■ Dataset extract ■
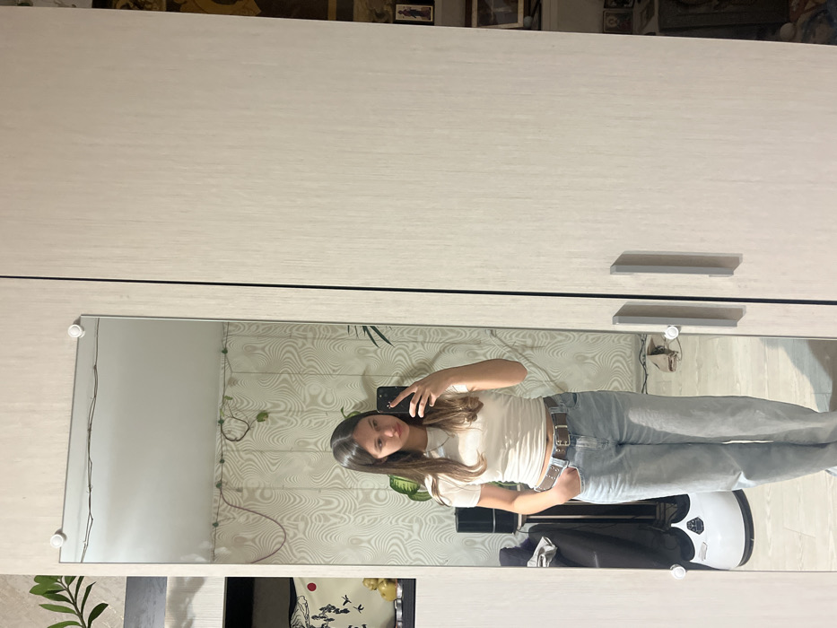 An indoor scene in Семибратово, Russia, depicts a young female taking a full-body mirror selfie. The female, with long brown hair, wears a white short-sleeved t-shirt, light blue loose-fitting jeans, and a dark brown belt with silver-colored studs. She holds a dark-colored smartphone in her right hand, positioned to capture her reflection, while her left hand is partially inserted into her belt loop. Her facial expression is neutral. The mirror is rectangular, attached to the left door of a light-colored wardrobe, secured by two visible white circular fixtures at the top. The adjacent right door of the wardrobe features two vertical silver-colored handles. The background reflected in the mirror shows a wall covered with light-colored, wavy patterned wallpaper. Visible reflected objects include several green plants, a dark, columnar electronic device resembling a speaker or air purifier, and a white, rounded floor fan or humidifier. A yellow statuette and a dark cushion with white patterns are partially visible on a shelf to the far left of the reflection. The environment is well-lit, suggesting artificial lighting.
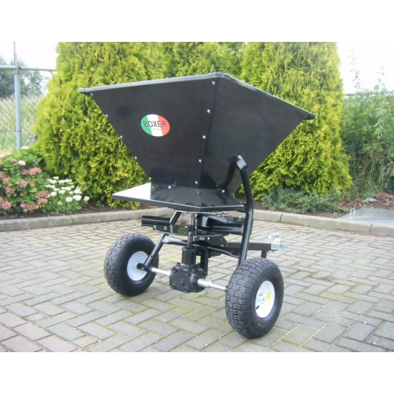 De strooier heeft zware aandrijving in olieblad. Ideaal te gebruiken achter ATV, auto, heftruck, tractor ect.
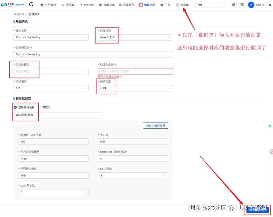 它直接把模型微调集成到平台里面了,只需要准备好数据集、模型,经过简单的配置就可以开始微调。
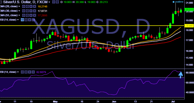 We prefer to take long position in XAG/USD around $20.19, stop loss at $19.90 and target $20.43/ $20.78 marks.

■ Your objective ■
What is needed here is an exact repetition of the listing above, pictures excluded.

■ Output of the exercise ■
 An indoor scene in Семибратово, Russia, depicts a young female taking a full-body mirror selfie. The female, with long brown hair, wears a white short-sleeved t-shirt, light blue loose-fitting jeans, and a dark brown belt with silver-colored studs. She holds a dark-colored smartphone in her right hand, positioned to capture her reflection, while her left hand is partially inserted into her belt loop. Her facial expression is neutral. The mirror is rectangular, attached to the left door of a light-colored wardrobe, secured by two visible white circular fixtures at the top. The adjacent right door of the wardrobe features two vertical silver-colored handles. The background reflected in the mirror shows a wall covered with light-colored, wavy patterned wallpaper. Visible reflected objects include several green plants, a dark, columnar electronic device resembling a speaker or air purifier, and a white, rounded floor fan or humidifier. A yellow statuette and a dark cushion with white patterns are partially visible on a shelf to the far left of the reflection. The environment is well-lit, suggesting artificial lighting.
 De strooier heeft zware aandrijving in olieblad. Ideaal te gebruiken achter ATV, auto, heftruck, tractor ect.
 它直接把模型微调集成到平台里面了,只需要准备好数据集、模型,经过简单的配置就可以开始微调。
 We prefer to take long position in XAG/USD around $20.19, stop loss at $19.90 and target $20.43/ $20.78 marks.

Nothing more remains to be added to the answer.